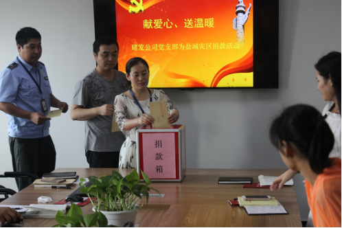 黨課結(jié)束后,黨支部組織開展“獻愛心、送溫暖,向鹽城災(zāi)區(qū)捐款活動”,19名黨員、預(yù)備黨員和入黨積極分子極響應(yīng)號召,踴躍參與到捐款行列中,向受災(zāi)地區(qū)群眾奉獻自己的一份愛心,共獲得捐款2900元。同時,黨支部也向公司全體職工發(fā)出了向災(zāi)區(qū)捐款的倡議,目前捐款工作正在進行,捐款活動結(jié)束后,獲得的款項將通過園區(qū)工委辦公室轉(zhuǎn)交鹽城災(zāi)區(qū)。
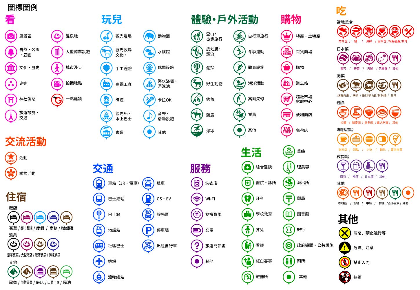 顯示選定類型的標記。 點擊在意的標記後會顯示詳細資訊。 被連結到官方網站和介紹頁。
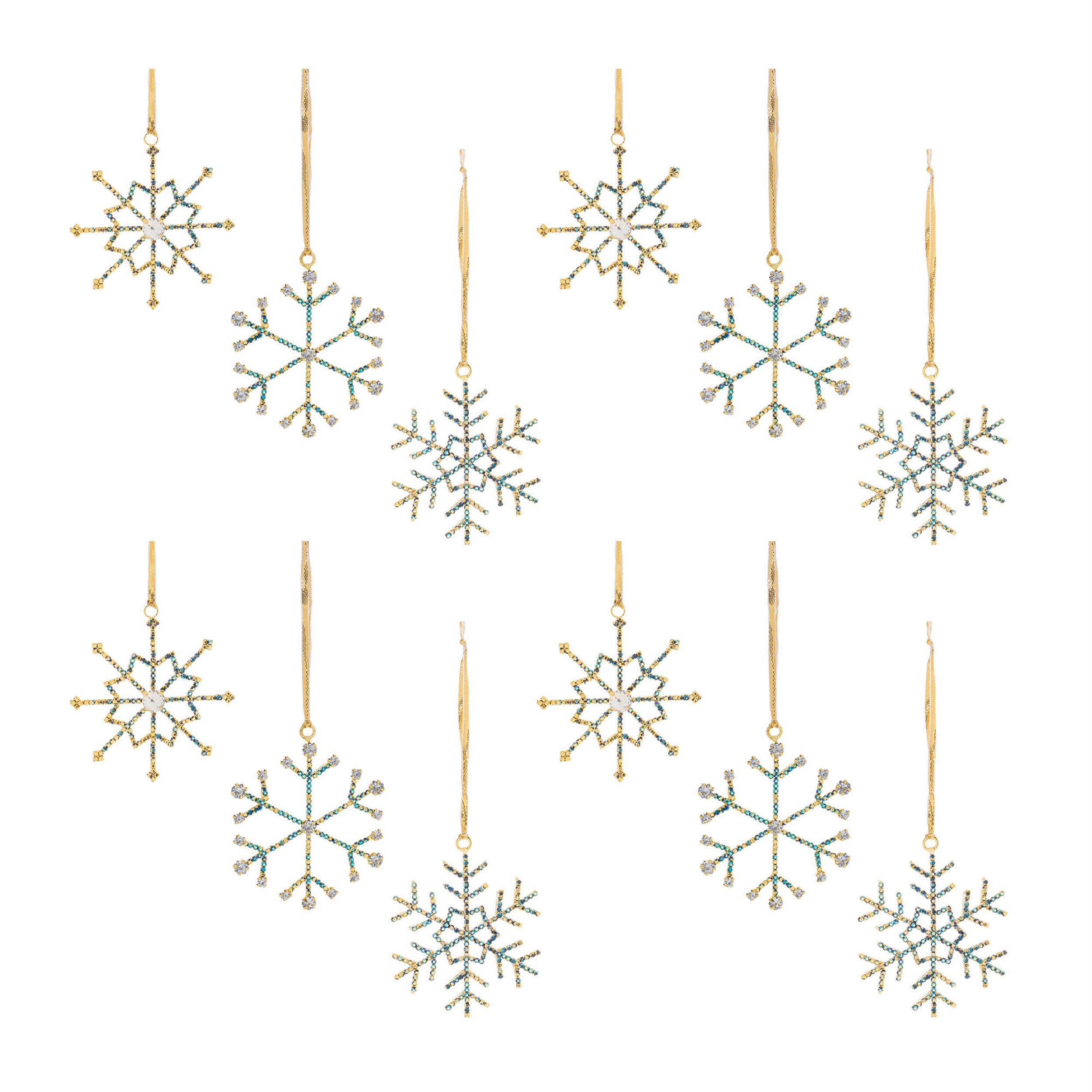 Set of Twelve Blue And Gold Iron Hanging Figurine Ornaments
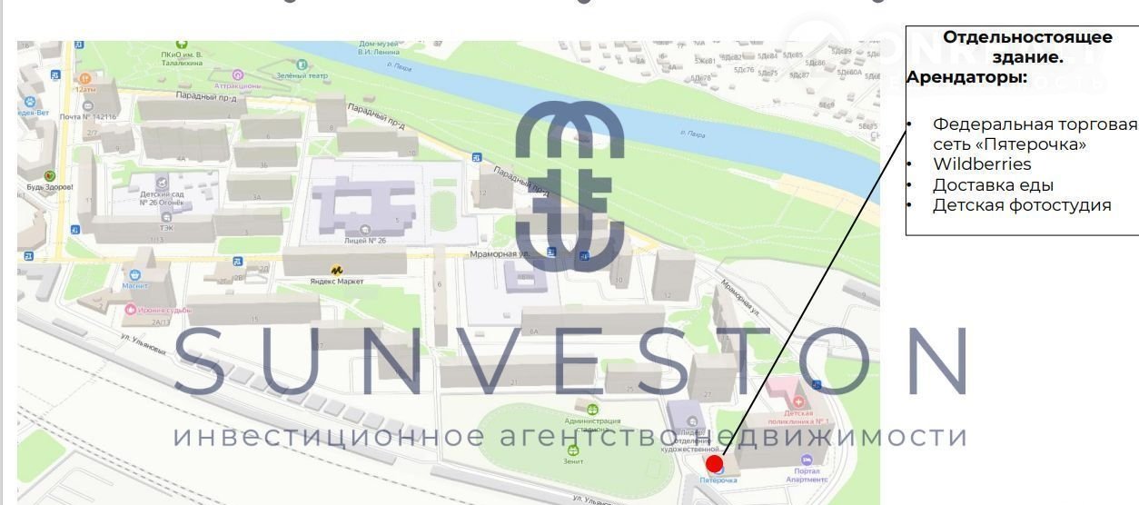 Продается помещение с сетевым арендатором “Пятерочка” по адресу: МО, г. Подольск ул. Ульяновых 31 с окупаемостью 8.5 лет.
——
#### Action item
Please retype the listing exactly, leaving out any images.

#### Output for this task
 黨課結(jié)束后,黨支部組織開展“獻愛心、送溫暖,向鹽城災(zāi)區(qū)捐款活動”,19名黨員、預(yù)備黨員和入黨積極分子極響應(yīng)號召,踴躍參與到捐款行列中,向受災(zāi)地區(qū)群眾奉獻自己的一份愛心,共獲得捐款2900元。同時,黨支部也向公司全體職工發(fā)出了向災(zāi)區(qū)捐款的倡議,目前捐款工作正在進行,捐款活動結(jié)束后,獲得的款項將通過園區(qū)工委辦公室轉(zhuǎn)交鹽城災(zāi)區(qū)。
 顯示選定類型的標記。 點擊在意的標記後會顯示詳細資訊。 被連結到官方網站和介紹頁。
 Set of Twelve Blue And Gold Iron Hanging Figurine Ornaments
 Продается помещение с сетевым арендатором “Пятерочка” по адресу: МО, г. Подольск ул. Ульяновых 31 с окупаемостью 8.5 лет.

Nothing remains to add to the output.